Monsieur Dupont est aussi assez fan des jeux Ubisoft et y joue dans le cloud via Ubisoft Cloud. Pour 15€/mois, il a accès à une cinquantaine de jeux Ubisoft en version Ultimate. Il y joue via l’application Ubisoft Cloud et ça marche vraiment bien, y compris à des jeux comme Anno car il y a possibilité de jouer avec une interface tactile adaptée. Côté coulisses, un compte Stadia a été créé par Ubisoft pour Monsieur Dupont, correspondant à son compte Ubisoft et tous les jeux de l’offre sont liés à ce compte.
Un service pour les gouverner tous et dans la lumière les lier
Un jour, Monsieur Dupont décide de passer le cap et de s’inscrire sur Stadia. Il a profité d’une offre avec un Chromecast avec Google TV et d’une manette Stadia offerts avec l’achat de Resident Evil 9. Parfait pour transformer la télévision de la chambre en télévision connectée et jouer depuis son lit. En s’inscrivant sur Stadia, Monsieur Dupont ne veut pas encore souscrire à Stadia Pro. Il veut juste profiter de son jeu Resident Evil qu’il a acheté. En débloquant son jeu, il a dans sa bibliothèque personnelle Stadia un seul jeu, Resident Evil 9. C’est ce qu’il voit dans son interface utilisateur Stadia.
Mais il voit qu’il est aussi possible de lier son compte EA Cloud à son compte Stadia, ce qu’il fait immédiatement. En liant ses deux comptes, il a aussi désormais accès à tous les jeux débloqués depuis EA Cloud, et chaque jeu EA achetés depuis le Stadia Store est débloqué également au niveau du compte EA Cloud de sorte que si Monsieur Dupont achète Madden NFL 23 depuis le Stadia Store, il pourra y jouer également depuis EA Cloud. En liant son compte Ubisoft à son compte Stadia, de la même manière, il débloque tous les jeux de son offre Ubisoft Cloud dans l’interface utilisateur Stadia. Pas besoin de « racheter ses jeux » se dit-il.
De plus, via les comptes liés, Monsieur Dupont peut importer aussi ses contacts EA Cloud et Ubisoft Cloud dans Stadia. Pour peu que ces services utilisent des protocoles de messageries documentés ou ouverts, il pourrait même être possible de regrouper toutes les discussions dans l’interface utilisateur Stadia (à l’image de ce que propose des logiciels de messageries instantanées tel que Pidgin).

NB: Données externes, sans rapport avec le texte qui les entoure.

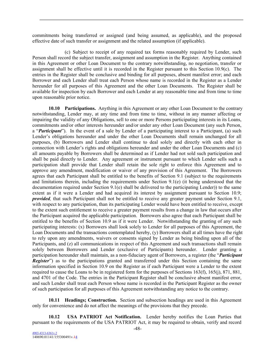 commitments being transferred or assigned (and being assumed, as applicable), and the proposed effective date of such transfer or assignment and the related assumption (if applicable). (c) Subject to receipt of any required tax forms reasonably required by Lender, such Person shall record the subject transfer, assignment and assumption in the Register. Anything contained in this Agreement or other Loan Document to the contrary notwithstanding, no negotiation, transfer or assignment shall be effective until it is recorded in the Register pursuant to this Section 10.9(c). The entries in the Register shall be conclusive and binding for all purposes, absent manifest error; and each Borrower and each Lender shall treat each Person whose name is recorded in the Register as a Lender hereunder for all purposes of this Agreement and the other Loan Documents. The Register shall be available for inspection by each Borrower and each Lender at any reasonable time and from time to time upon reasonable prior notice. 10.10 Participations. Anything in this Agreement or any other Loan Document to the contrary notwithstanding, Lender may, at any time and from time to time, without in any manner affecting or impairing the validity of any Obligations, sell to one or more Persons participating interests in its Loans, commitments and/or other interests hereunder and/or under any other Loan Document (any such Person, a “Participant”). In the event of a sale by Lender of a participating interest to a Participant, (a) such Lender’s obligations hereunder and under the other Loan Documents shall remain unchanged for all purposes, (b) Borrowers and Lender shall continue to deal solely and directly with each other in connection with Lender’s rights and obligations hereunder and under the other Loan Documents and (c) all amounts payable by Borrowers shall be determined as if Lender had not sold such participation and shall be paid directly to Lender. Any agreement or instrument pursuant to which Lender sells such a participation shall provide that Lender shall retain the sole right to enforce this Agreement and to approve any amendment, modification or waiver of any provision of this Agreement. The Borrowers agrees that each Participant shall be entitled to the benefits of Section 9.1 (subject to the requirements and limitations therein, including the requirements under Section 9.1(e) (it being understood that the documentation required under Section 9.1(e) shall be delivered to the participating Lender)) to the same extent as if it were a Lender and had acquired its interest by assignment pursuant to Section 10.9; provided, that such Participant shall not be entitled to receive any greater payment under Section 9.1, with respect to any participation, than its participating Lender would have been entitled to receive, except to the extent such entitlement to receive a greater payment results from a change in law that occurs after the Participant acquired the applicable participation. Borrowers also agree that each Participant shall be entitled to the benefits of Section 10.9 as if it were Lender. Notwithstanding the granting of any such participating interests: (x) Borrowers shall look solely to Lender for all purposes of this Agreement, the Loan Documents and the transactions contemplated hereby, (y) Borrowers shall at all times have the right to rely upon any amendments, waivers or consents signed by Lender as being binding upon all of the Participants, and (z) all communications in respect of this Agreement and such transactions shall remain solely between Borrowers and Lender (exclusive of Participants) hereunder. Lender granting a participation hereunder shall maintain, as a non-fiduciary agent of Borrowers, a register (the “Participant Register”) as to the participations granted and transferred under this Section containing the same information specified in Section 10.9 on the Register as if each Participant were a Lender to the extent required to cause the Loans to be in registered form for the purposes of Sections 163(f), 165(j), 871, 881, and 4701 of the Code. The entries in the Participant Register shall be conclusive absent manifest error, and such Lender shall treat each Person whose name is recorded in the Participant Register as the owner of such participation for all purposes of this Agreement notwithstanding any notice to the contrary. 10.11 Headings; Construction. Section and subsection headings are used in this Agreement only for convenience and do not affect the meanings of the provisions that they precede. 10.12 USA PATRIOT Act Notification. Lender hereby notifies the Loan Parties that pursuant to the requirements of the USA PATRIOT Act, it may be required to obtain, verify and record -48- 4903-4313-6361v.2 140690.01141/155300491v.14

Ce genre d’évolution pourrait ainsi permettre aux développeurs ou éditeurs ne disposant pas de leur propre store de proposer par défaut leurs jeux sur le Stadia Store. Des éditeurs comme Electronic Arts ou Ubisoft pourraient proposer leurs propres stores au-dessus de Stadia, en plus de proposer leurs jeux sur Stadia (seules les ventes sur le Stadia Store seraient alors taxées à 30%). Ce modèle serait alors gagnant pour tout le monde.